On 14/05/2020 13:29, Wouter Wijngaards via nsd-users wrote:
Hi Wouter,
> Yes this applies to incoming queries and to outgoing queries. 120
> seconds by default.
Thanks for the clarification. I think the default of 120s should be
documented in the man page.
I'm still not clear on what the timeout applies to though. Is it to the
time between individual DNS messages in a TCP connection? Or does it
apply to any period of inactivity in the connection?
> A much smaller value, of 200 msec, is used when the server is nearly
> full on capacity, for incoming connections that are over the limit.
> Also when the server has updated the existing connections get a smaller
> 100 msec timeout to wait for them to complete their tcp query to NSD.
>
> That last feature since 4.2.1. The tcp full shorter timeout is since
> 4.1.11.
Now that you've explained it here, I recall that there was something
about this in the release notes. However, the values of 200ms isn't
documented. The release notes have:
"When tcp is more than half full, use short timeout for tcp session."
So
I'm guessing that "short timeout" here is 200ms. Also, it's
not clear
whether the timeout is dynamic. What I mean is: is it applied to all
sessions (existing and new), or only to new ones. When the number of tcp
connections drops to less than half, is the timeout reset to 120s? And
is it reset for all sessions, or just new ones?

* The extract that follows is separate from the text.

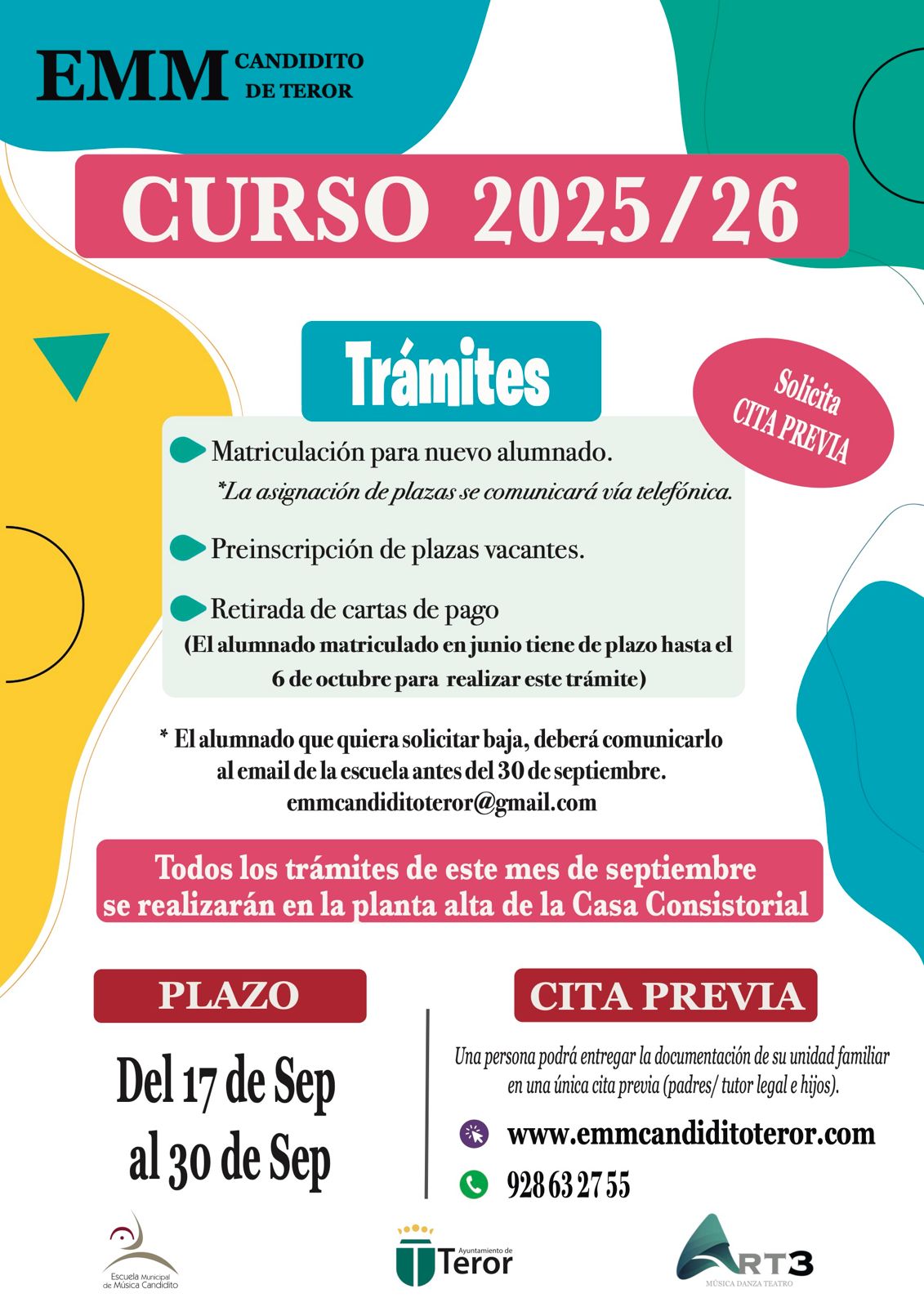 Debido a las obras que se están llevando a cabo en las instalaciones de la Escuela, los trámites administrativos de estos últimos quince días de septiembre se llevarán a cabo en las Casas Consistoriales (antiguo Ayuntamiento de Teror). + información

Dropping from the default 120s, to a mere 200ms when the number of TCP
connections goes up, is quite dramatic. And I happen to think that 200ms
is too low. A client that's getting an AXFR from such an NSD server is
quite likely to suffer disconnects. In fact, I have been observing
exactly this behaviour on the servers we run. We have a use case where a
user is doing AXFR of some largish zones, and when the client is a bit
slow, NSD drops the connection. This causes the client to retry. This,
IMHO, is rather wasteful.
The other feature of shortening the timeout to 100ms is also not so
obvious. The release notes have:
"Fix #14, tcp connections have 1/10 to be active and have to work
every second, and then they get time to complete during a reload,
this is a process that lingers with the old version during a version
update."
The 1/10 there is not very readable. I think that 100ms would be much
clearer. And I also don't understad what you mean by "and have to work
every second". Could you please explain that?
In my opinion, such details should not be buried in the release notes
document. The release notes are useful when comparing one version to
another. All these features of how the server dynamically adjusts its
behaviour should be in the operations manual or at least the nsd.conf
man page.
Imagine a new user of NSD, who is trying to configure and tune the
server, and sets "tcp-timeout" to some value, and still observes
different behaviour when running the server. This leads to confusion.
And it's not reasonable to expect the user to read the entire set of
release notes trying to find such undocumented features.
Regards,
Anand Buddhdev
RIPE NCC